# RECORDS FOR THIS EXERCISE

══════

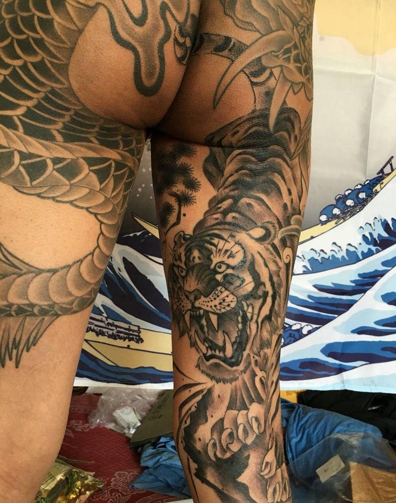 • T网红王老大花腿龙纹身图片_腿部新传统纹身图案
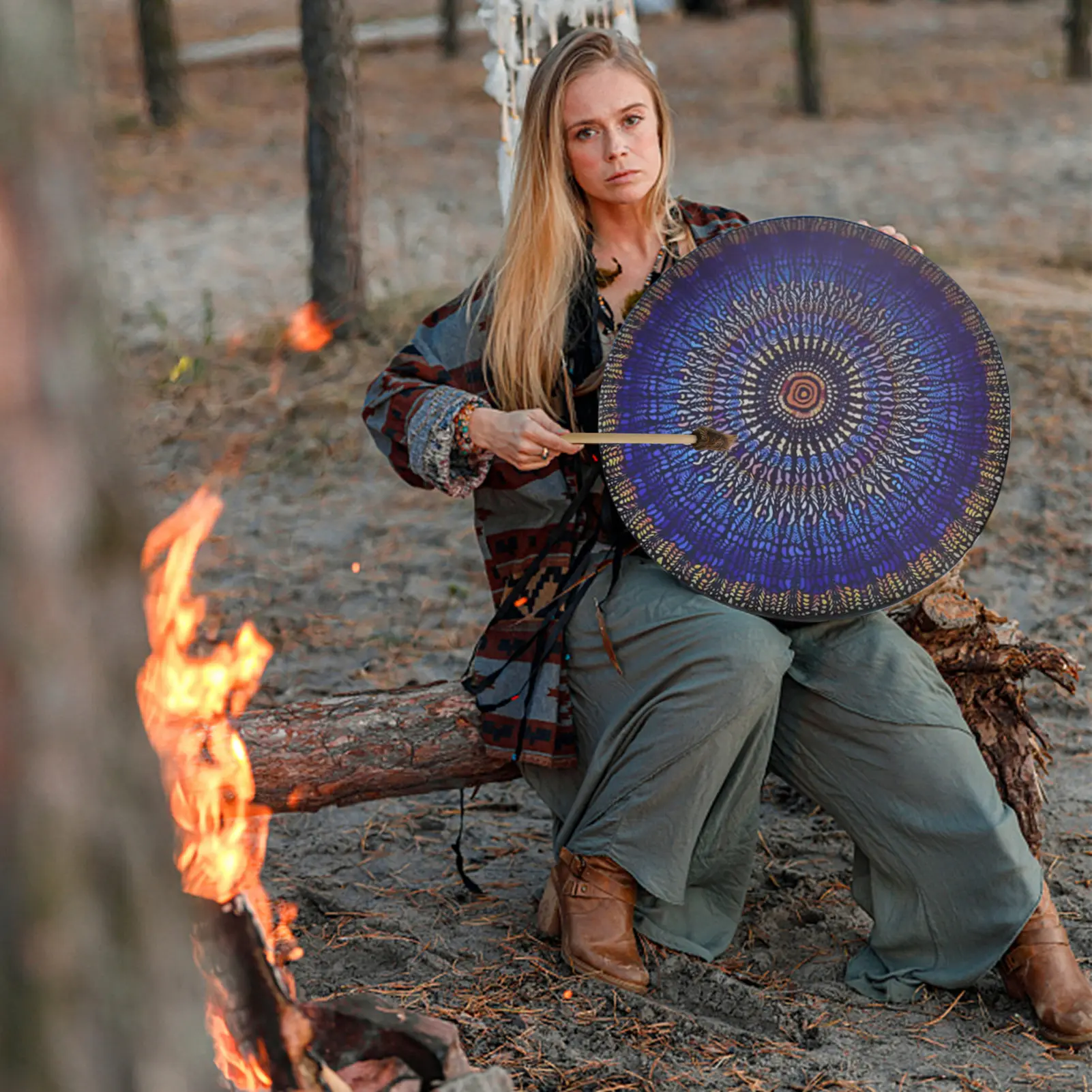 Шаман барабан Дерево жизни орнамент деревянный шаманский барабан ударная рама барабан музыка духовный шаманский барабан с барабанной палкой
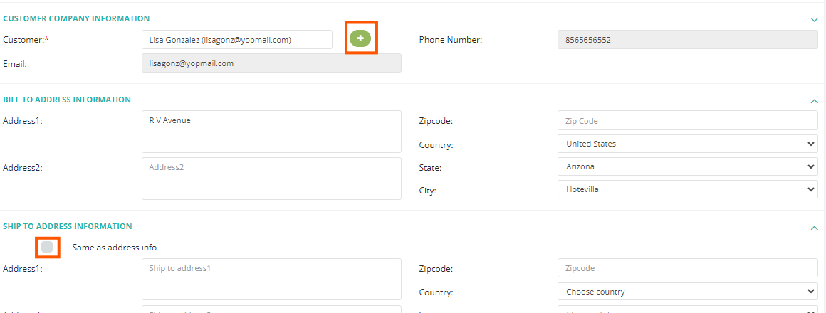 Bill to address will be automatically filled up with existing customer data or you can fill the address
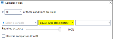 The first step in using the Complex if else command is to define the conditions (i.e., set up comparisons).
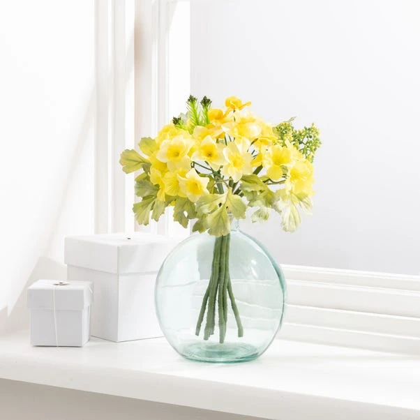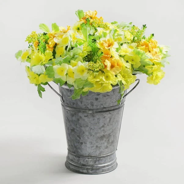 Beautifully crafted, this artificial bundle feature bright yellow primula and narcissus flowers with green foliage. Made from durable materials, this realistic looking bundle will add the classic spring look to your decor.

══════

# THE PROBLEM
Without the pictures, repeat the listing above exactly.

# WRITTEN ANSWER
 • T网红王老大花腿龙纹身图片_腿部新传统纹身图案
 Шаман барабан Дерево жизни орнамент деревянный шаманский барабан ударная рама барабан музыка духовный шаманский барабан с барабанной палкой
 Bill to address will be automatically filled up with existing customer data or you can fill the address
 The first step in using the Complex if else command is to define the conditions (i.e., set up comparisons).
 Beautifully crafted, this artificial bundle feature bright yellow primula and narcissus flowers with green foliage. Made from durable materials, this realistic looking bundle will add the classic spring look to your decor.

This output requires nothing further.